»»

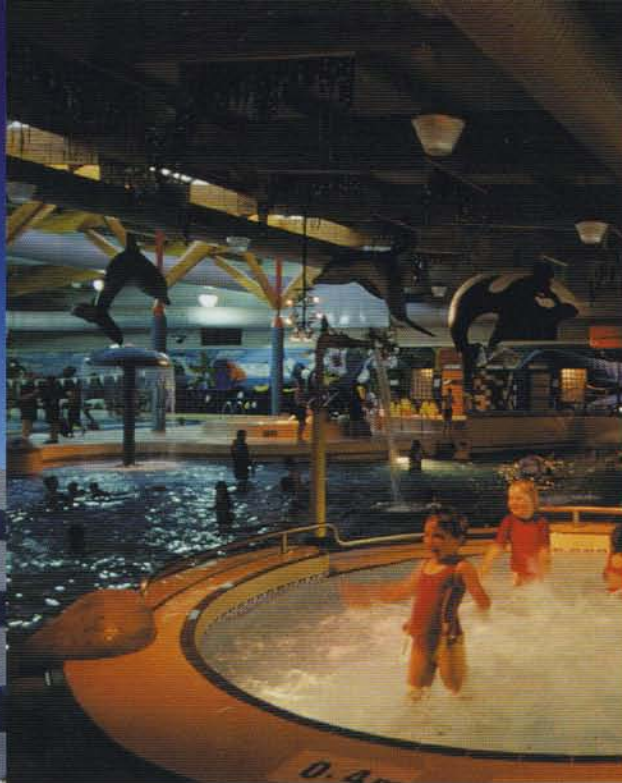
Left: Frequent use has been made of red steelwork. Right: Large dolphin and orca sculptures add to the nautical theme.

A lively environment has been created at the $7 million Porirua Trust Aquatic Centre where innovative architecture and colour enhances a nautical theme. The Aquatic Centre has to withstand some harsh treatment. As a result, Wellington architect Dennis Chippindale created a largely concrete, steel and glass structure using colour and shape to create some relief from the materials' ruggedness.
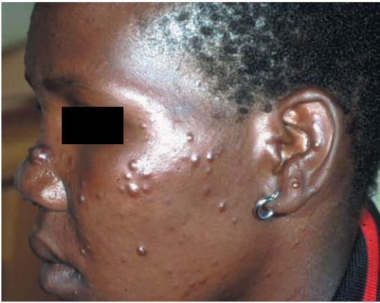
Figure 1A. Histoid leprosy. Figura 1A. Hanseníase históide.
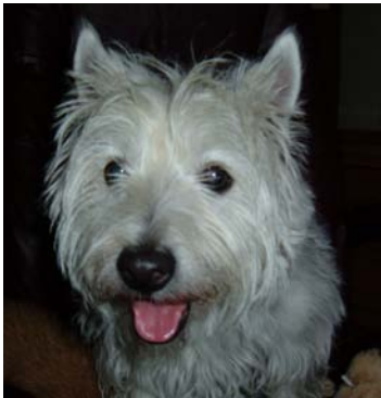
Cooper (in care)

He looked like he had lost 10 pounds once he was groomed. What a handsome dude under all that hair! He also had advanced dental disease and feels so much better after his dental work. He has changed from a "touchy" boy with housebreaking issues to a fun-loving little boy whose only issue is a growl when he is picked up. (Not unusual for many Westies.) He just needs a family who will recognize his medical needs and take care of them if anything crops up and which has some Westie experience so they won't be intimidated by the growl.
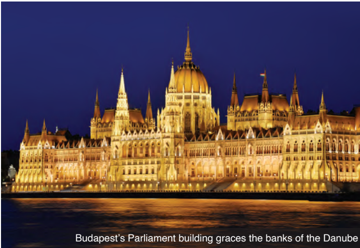
Budapest's Parliament building graces the banks of the Danube
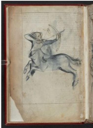
fol. 9v – Sagittarius
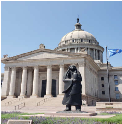
Oklahoma State Capitol in Oklahoma City, Oklahoma
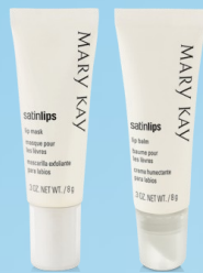
Satin Lips Set $18
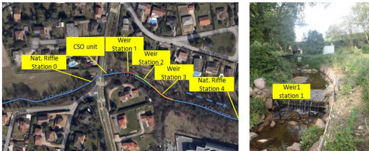
Fig.1: (left) Location of sampling points in the Chaudanne River; (right) a picture of weir number 1.

The reference station (0) is located upstream of the combined sewer overflow unit. It is a natural riffle, followed just downstream the CSO unit, by three artificial small weirs (stations 1, 2, 3) made of wooden trunks intertwined (Fig.1). That type of construction allows the water to seep through although it is not build for this purpose. The weirs were built in 2010 to stop the river bottom incision and the collapsing of river-banks resulting from the CSOs. The pools created upstream of these weirs have been rapidly filled by the sand carried during high flow events. The sand layer is lying on the granite bed-rock. Its depth is of 1m at stations 1 and 3 and of 0.2m at station 2. The last station (4) is a natural riffle like for the reference station 0. Riffles are known to be active metabolic points into rivers because they induce the water percolation (Namour et al., 2015).
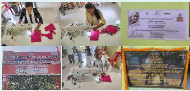
Gram Swawlambi Vidyalaya, RMG, Ayodhya.

««

DIRECTIONS FOR THIS TASK → Set the pictures aside and retype exactly the lines above from the line with "Satin Lips Set $18" to the line with "Fig.1: (left) Location", both included, adding no others.

EXERCISE RESULT →
Satin Lips Set $18
Fig.1: (left) Location of sampling points in the Chaudanne River; (right) a picture of weir number 1.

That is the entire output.